Do you ever feel like you just have too much going on?

I often find myself glued to my beloved Macbook with 20+ tabs open in Chrome, my earphones plugged in listening music through Spotify and my iPhone planted next to my coffee cup flashing up every 15 minutes or so whispering ‘pick me up.’ Sometimes this way of working can be a productive session but a lot of the time I know deep down this is not an optimal way of working and getting things done.


So, if I know this approach isn’t working why do I continue giving in to the temptation of distractions?

Why is it so hard to switch off my phone, or close those 19 tabs that I want to read or haven’t finished reading? I know am not good at multitasking, I should know better!

Attention spans, I believe, are at an all-time low for humanity, and understandably so. We have been supplied with all of these new shiny tools – smartphones, wearables, widgets, plugins, apps, etc. – with no guide on how to use them appropriately and integrate them into our lives without taking too much of a toll on other important aspects of life. OK, so we generally know how to use these tools in their absolute and relative interoperability sense, but I feel today’s society suffers from the relentless informational overload that comes through these weapons of mass distraction – push notifications and alerts: buy now, new follower, new comment on your photo, etc, etc. I think society needs to negotiate a healthy balance so we don’t continue down this path of disruption that could negatively impact societies productivity and the social integration of people.

I remember once, I took a stroll around the city of London during the lunch period and it occurred to me that I hadn’t looked at the sky since stepping out of the office (15 minutes ago). Why? I was looking at my damn phone! I wasn’t happy with my lack of control. I was neglecting the tangible life around me and appreciation to see daylight.

But when I looked around to take in my surroundings I noticed over half the people was victims to the same kryptonite; sitting down and hunched over looking intensely into their phone screens, or walking with their heads angled at 165 degrees looking down at their phone with their two eyes while walking, and obviously watching where they are going with their third eye! The long and short of it is, this habitual behaviour to engage online rather than offline is widespread and entrenched.

I hear some people say, “attention is the new currency” these days which in a world of mobile and short attention spans sounds plausible. All the social media platforms are battling for our attention, seducing the world with beautifully designed high-def graphics and intuitive user interfaces. From the Madmen era when radio and televisions were the new channels to hook people to now, when we have these ‘smart’ devices, that are held so closely could be mistaken to be our “third arm,” to feed the messages through. We are all swimming in a smaller pond with more digital hooks.

The Apple App store now has over 1.5 million applications to choose from and download – a load of them requesting permission to push themselves onto our screens. Our beloved network providers are now providing us with a larger amount of bandwidth to help quench our thirst for distraction.


Would it be possible to universally instill a certain level of discipline or best practice around technology use?
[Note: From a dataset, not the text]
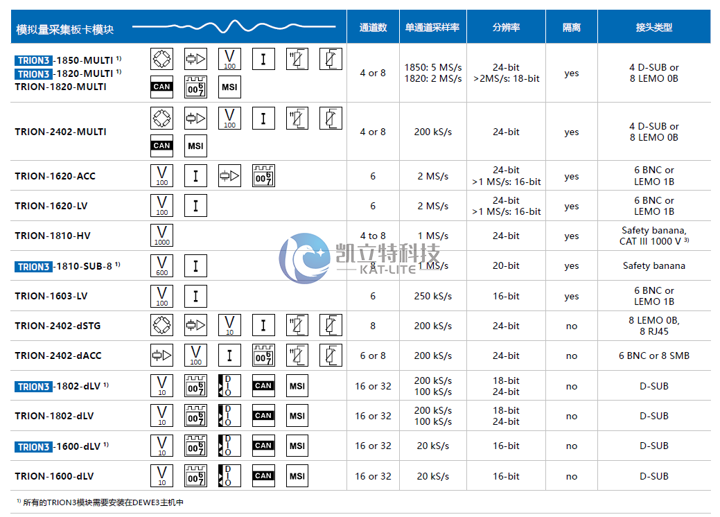 选择我们不同的TRION(3)系列信号调理模块进行模拟信号测量可以实现所有传感器信号 的绝对同步。这些可拆卸替换模块每通道具备独立的AD转换和抗混滤波器,让您的测试具备更 多的灵活性。
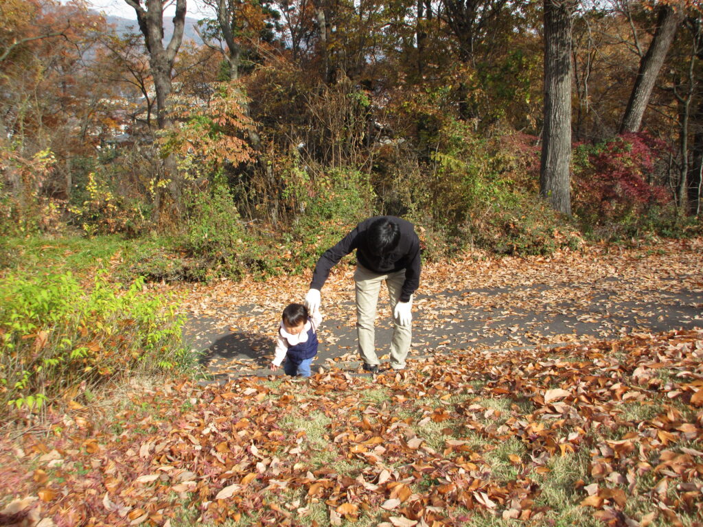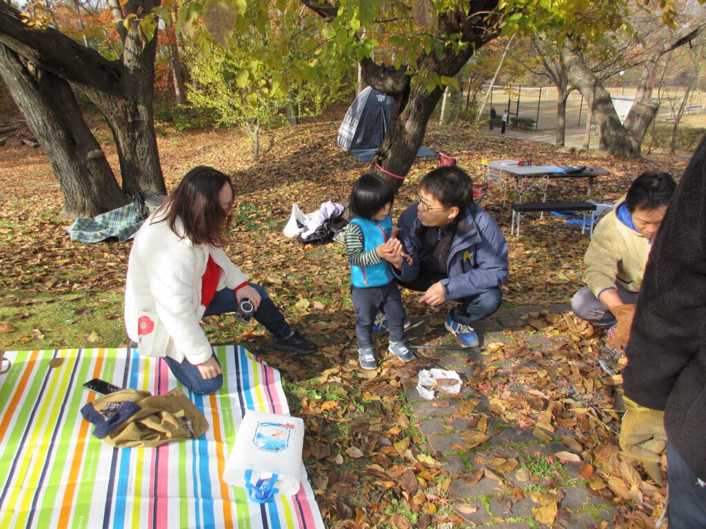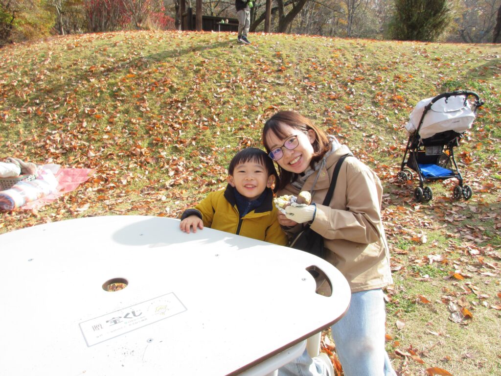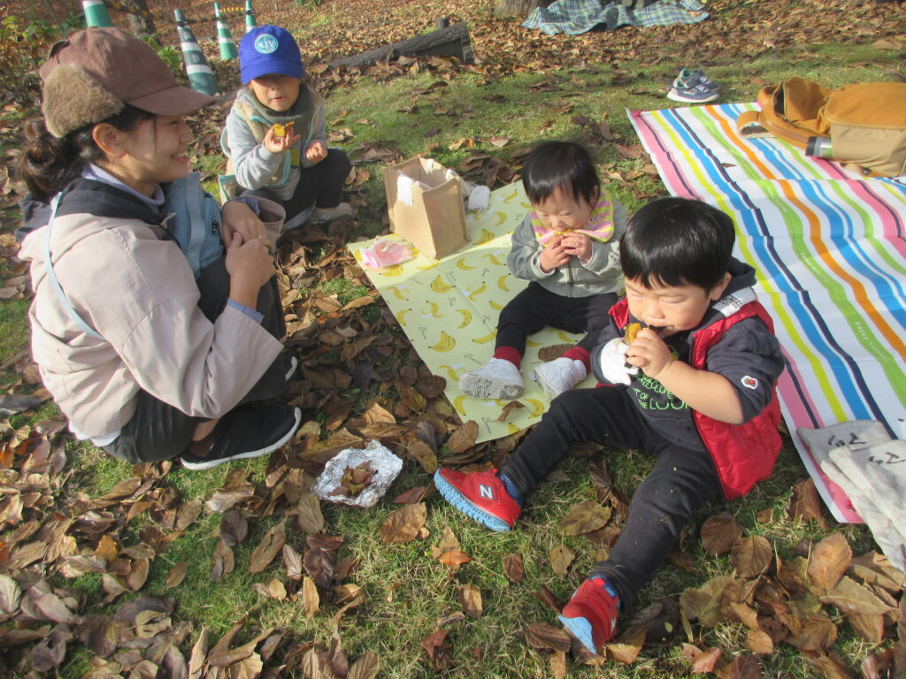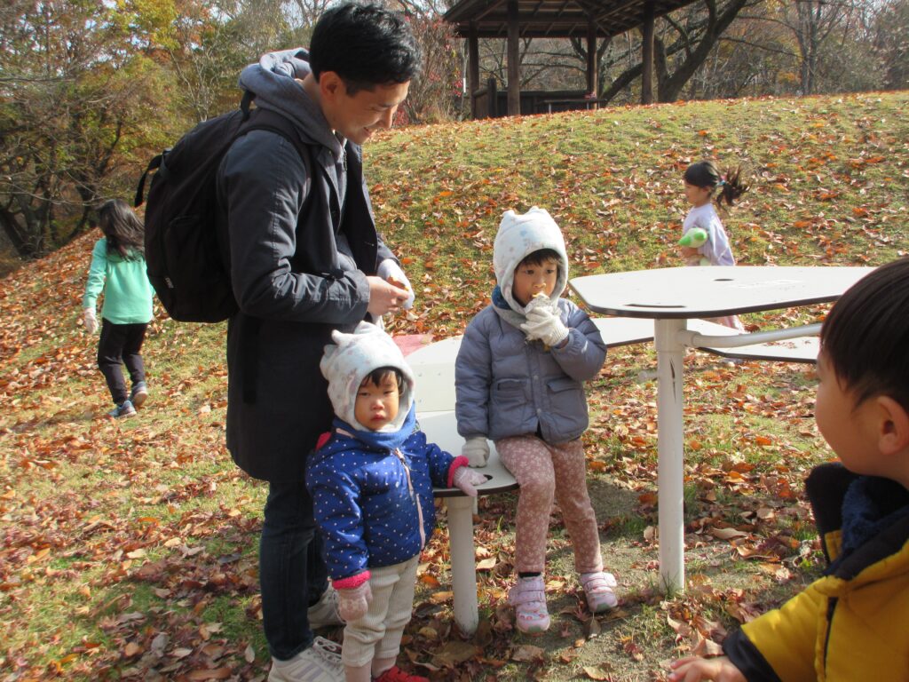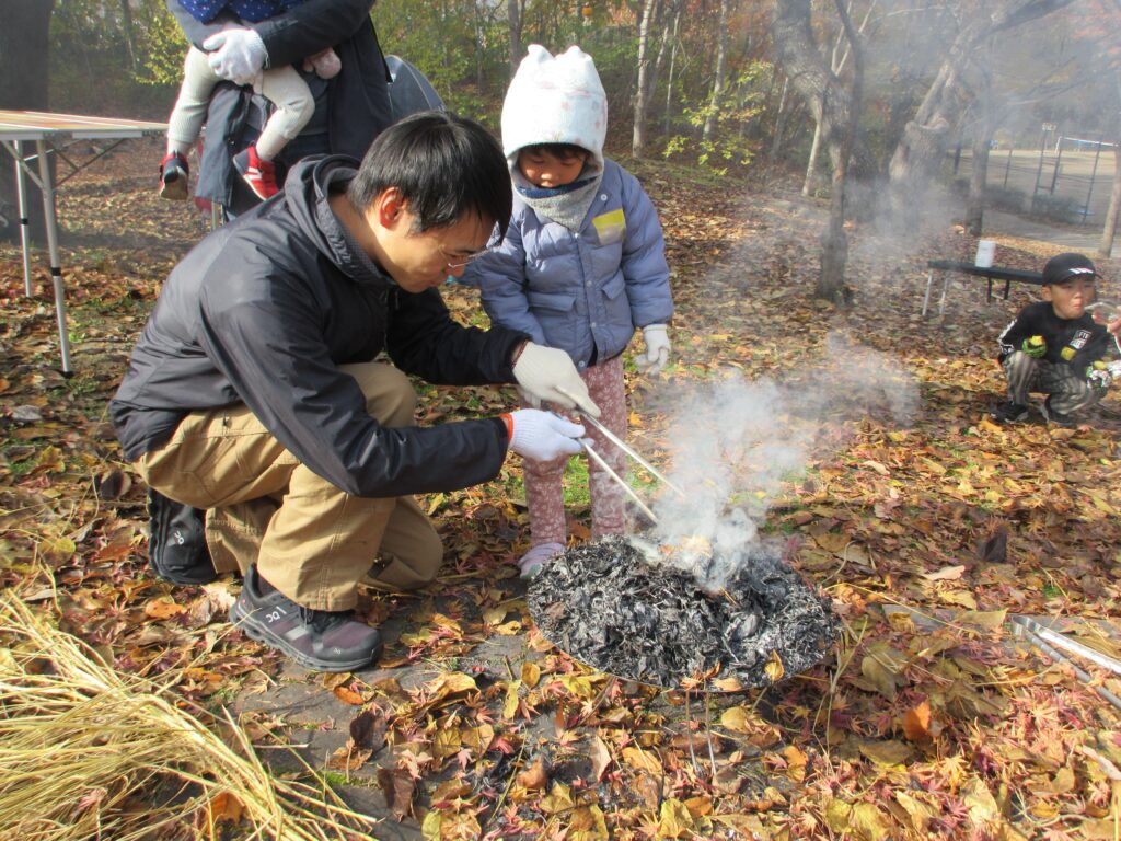 気持ち良く晴れた秋空の下、パパ講座「秋の公園で遊ぼう!」が行われました。 落ち葉が積もって歩くとカサコソと音がして素敵な景色が広がっていました。 お名前よびや♬やきいもじゃんけんで、体も心も温まったところで 実行委員さんの「今日は火で遊びましょう!」の声とともに いよいよ焼き芋を始めました。おいしいお芋にするためにみんな一生懸命落ち葉を運んでくれました。 落ち葉の階段をゆっくり楽しむお子さんもいました。 パパ達は火加減を保ってくれたおかげで焼き芋ができあがりました! いろんな味の焼き芋、いろんな食べ方。 秋の公園においしい笑顔がこぼれました。 皆さんおつかれさまでした!

The notion of an entity creating and recommending a ‘best practice guide to technology usage in the 21st century’ may sound a little far-fetched to some, but I do, personally, place some credence to such a thought. As a “generation Y’r,” I am witnessing the birth of personal devices playing an acute role in our day-to-day lives. Our increasing dependency on these devices that can provide us almost infinite access to a multitude of information sources which is liberating and empowering but at the same time this proliferation does warrant attention and additional care as they are, in some cases, being mishandled today.

It is disconcerting to witness a vast majority of the youthful ‘Z’ generation finding themselves engrossed in technology but not in a productive way, in a superficial way; the harm of these weapons of mass distraction started worrying mums (and dads) some time ago, with their expressed concerns about children’s disengagement with real life and physical social interaction which includes being present at the dinner table. children rather staying at home to build their virtual farm or alike in this virtual world – Minecraft comes to mind here. Perhaps the maternal instinct is a leading indicator to what we should be concerned about for wider humanity?


How can we start reshaping tech usage in our lives?

Digital detoxing
I am seeing and hearing more and more about the digital detoxing processing, which involves disconnecting from digital for a set period of time – a “tech fast.” For me, this can be a really beneficial process to help re-engage with and embrace the “real world”

Distraction monitoring plugins
There is a rise of anti-distraction applications coming to the market to support your efforts to stay focused. I haven’t tried personally (perhaps I should!), but Stay Focusd seems to be getting good reviews from people that are in search for something to help them set some personal ground rules.


This is clearly a topic that will be up for debate for some time to come, especially as technology innovation persists to churn out newer shinier gadgets, widgets, plugins and applications, at a rate of production which society struggles to keep up with. This thoughtless behaviour is something I will be seeking to challenge myself on.


Something to ponder on a little more, I think.